Data excerpt
----------------------------------------

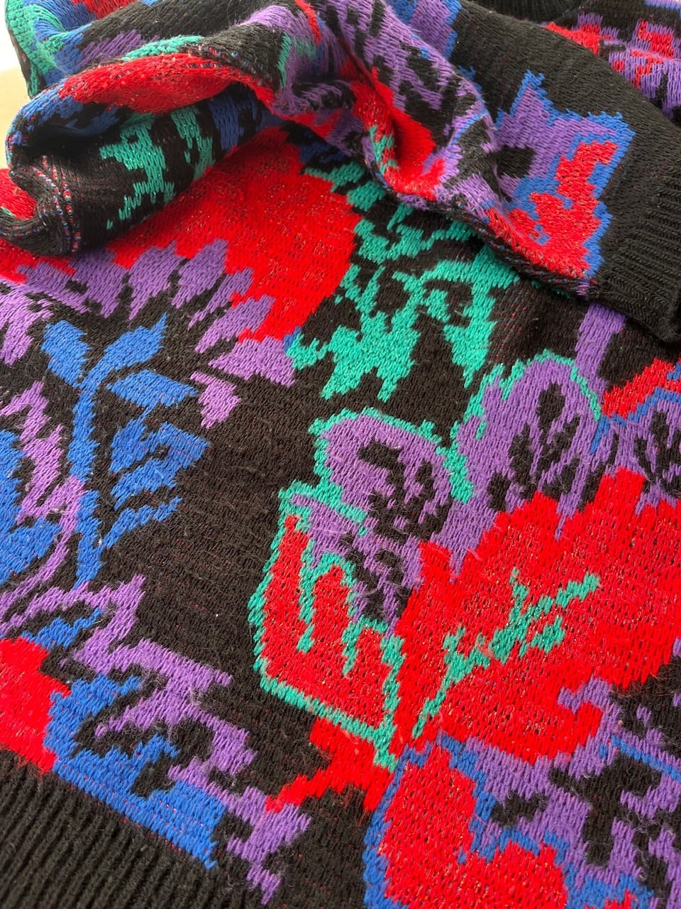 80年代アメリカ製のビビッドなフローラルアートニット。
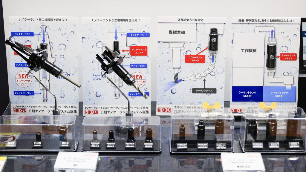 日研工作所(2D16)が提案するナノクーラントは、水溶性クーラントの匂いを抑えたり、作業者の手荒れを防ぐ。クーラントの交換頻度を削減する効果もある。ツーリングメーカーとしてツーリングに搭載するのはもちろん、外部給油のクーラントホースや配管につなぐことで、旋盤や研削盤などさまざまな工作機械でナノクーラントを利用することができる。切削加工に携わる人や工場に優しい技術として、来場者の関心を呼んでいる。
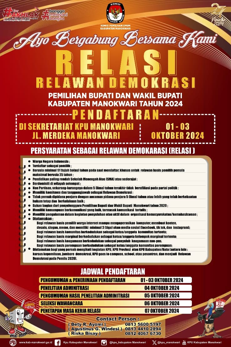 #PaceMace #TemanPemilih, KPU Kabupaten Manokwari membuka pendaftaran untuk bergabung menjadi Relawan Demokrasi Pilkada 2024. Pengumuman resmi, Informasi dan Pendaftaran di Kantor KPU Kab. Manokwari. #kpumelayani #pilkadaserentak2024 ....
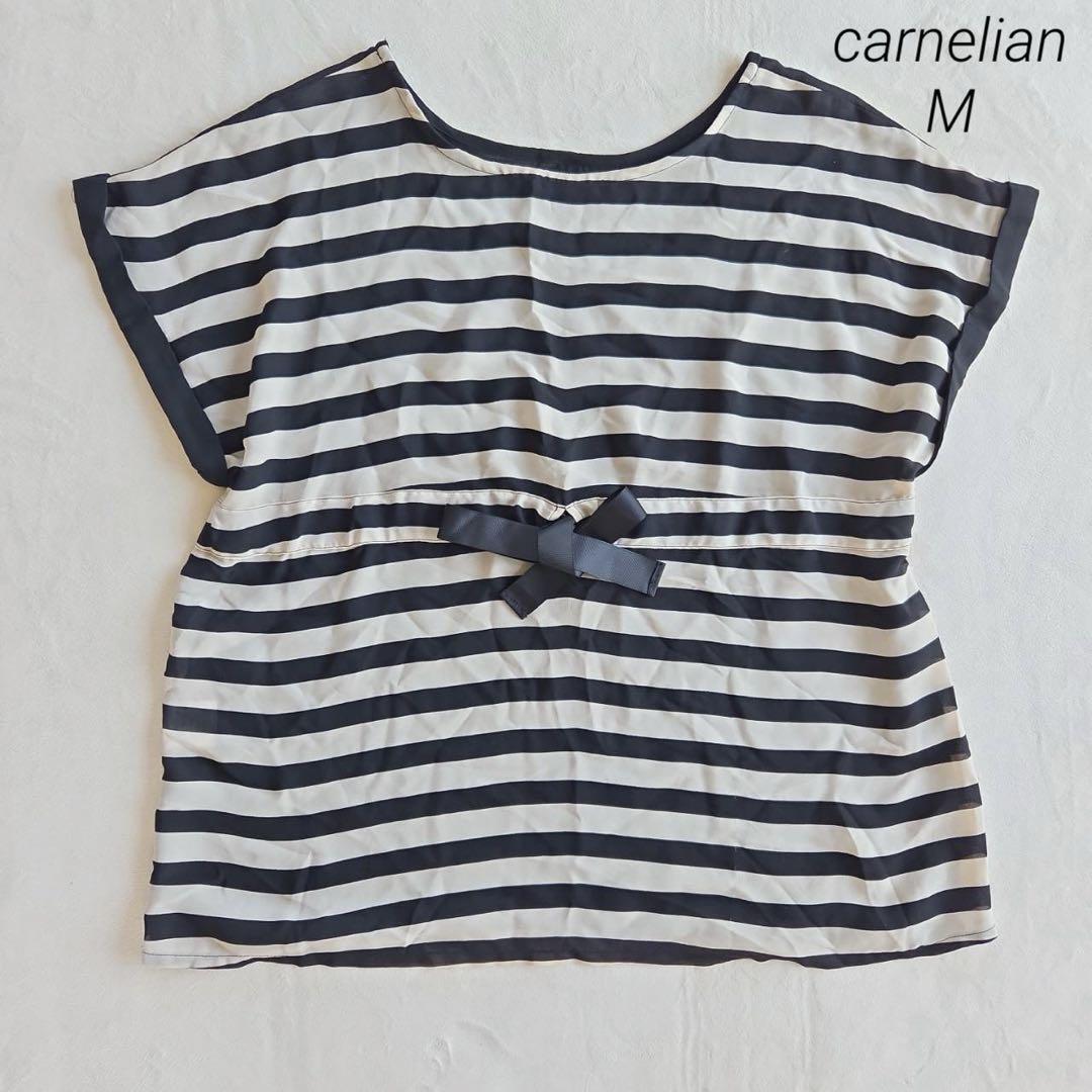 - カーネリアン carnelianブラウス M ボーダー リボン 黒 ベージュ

----------------------------------------

Problem description
Print the complete listing exactly as it stands, without its pictures.

Response to the exercise
 80年代アメリカ製のビビッドなフローラルアートニット。
 日研工作所(2D16)が提案するナノクーラントは、水溶性クーラントの匂いを抑えたり、作業者の手荒れを防ぐ。クーラントの交換頻度を削減する効果もある。ツーリングメーカーとしてツーリングに搭載するのはもちろん、外部給油のクーラントホースや配管につなぐことで、旋盤や研削盤などさまざまな工作機械でナノクーラントを利用することができる。切削加工に携わる人や工場に優しい技術として、来場者の関心を呼んでいる。
 #PaceMace #TemanPemilih, KPU Kabupaten Manokwari membuka pendaftaran untuk bergabung menjadi Relawan Demokrasi Pilkada 2024. Pengumuman resmi, Informasi dan Pendaftaran di Kantor KPU Kab. Manokwari. #kpumelayani #pilkadaserentak2024 ....
 - カーネリアン carnelianブラウス M ボーダー リボン 黒 ベージュ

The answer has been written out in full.